With the GPS-enabled mobile device giving consumers on the move
an infinite stream of information, businesses need to learn how to better leverage location-based marketing.
It’s hard to believe, but almost nine out of 10 Australian retailers don’t have a smartphone-friendly website.
“It’s truly astonishing, since Australians are generally quick adopters of new technologies,” observes Lisa Wade, a director of Stamford Interactive, an Australian company helping clients improve technological capabilities.
“Just look at smartphone use – it’s everywhere. Geo-targeting is one of marketing’s hottest trends, but our own research finds more than 85 per cent of businesses aren’t taking advantage of this available technology.”
Some business operators take the view they need nothing besides great-looking websites. But, Wade warns, it’s inevitable that websites are tweaked specifically for mobile phone use, so why not get a jump-start now?
“The Myer department store chain is a good example of the way things should be done,” she says. “When you reach its website via a smartphone, you’re instantly taken to its specially adapted website for mobiles.
“These phone-oriented websites ideally don’t replicate the main website – they’re altered to be used more by fingers. They emphasise different things – for instance, mapping and store locations for customers on the move – and don’t have identical content.”
Businesses and their web designers should remind themselves more often that customers are using a multitude of channels to obtain information: an advertisement on TV, further research on a laptop or desktop, checking a smartphone for additional facts – culminating in a visit to the business or store. “It should all be a seamless experience,” maintains Wade.
At the very least, she suggests, a website on a smartphone should reveal which business outlets are near the prospective customer’s location with an active click-to-call function allowing the person to touch the number and call the store.
Should a business produce its own app or rely solely on its website? According to Wade, “existing loyal customers are likely to seek out the app but potential new customers are more likely to search for the website and look at what’s available”.
She suggests businesses think carefully about what they want to achieve. If the key objective is broadening reach, then a good mobile-friendly website will achieve better results than having a geo-targeted app. “But it’s still an immature market here for location-based marketing,” notes Wade. “Inevitably, it’ll become more important.”
However, there is an important potential pitfall.

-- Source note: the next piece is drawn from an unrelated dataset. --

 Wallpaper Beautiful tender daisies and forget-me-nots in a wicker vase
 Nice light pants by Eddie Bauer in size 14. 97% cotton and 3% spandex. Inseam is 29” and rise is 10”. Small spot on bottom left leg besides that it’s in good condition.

If, for example, a person indicates willingness to receive push notifications when near a store, it’s important to use this access sparingly and non-obtrusively. “Tell them what’s available that’s of real value and don’t make it seem like just another way to deliver junk mail,” advises Wade. “You want people to visit your store – not irritate them.”
To effectively leverage location-based marketing, Wade offers these tips:
- Help potential customers find your business by including a prominently placed “get directions from my current location” function on your mobile-friendly website.
- Clearly display nearest store locations and their opening hours on the mobile website.
- Ensure mobile websites cater to both types of customers who frequent bricks-and-mortar stores – those who enjoy browsing through stock and those with a get-in-and-get-out shopping style.
- List your products on price comparison sites (such as Getprice and Lasoo) that are mobile-optimised.
The views expressed in this article are those of the author and the interviewees, and not of Australia Post.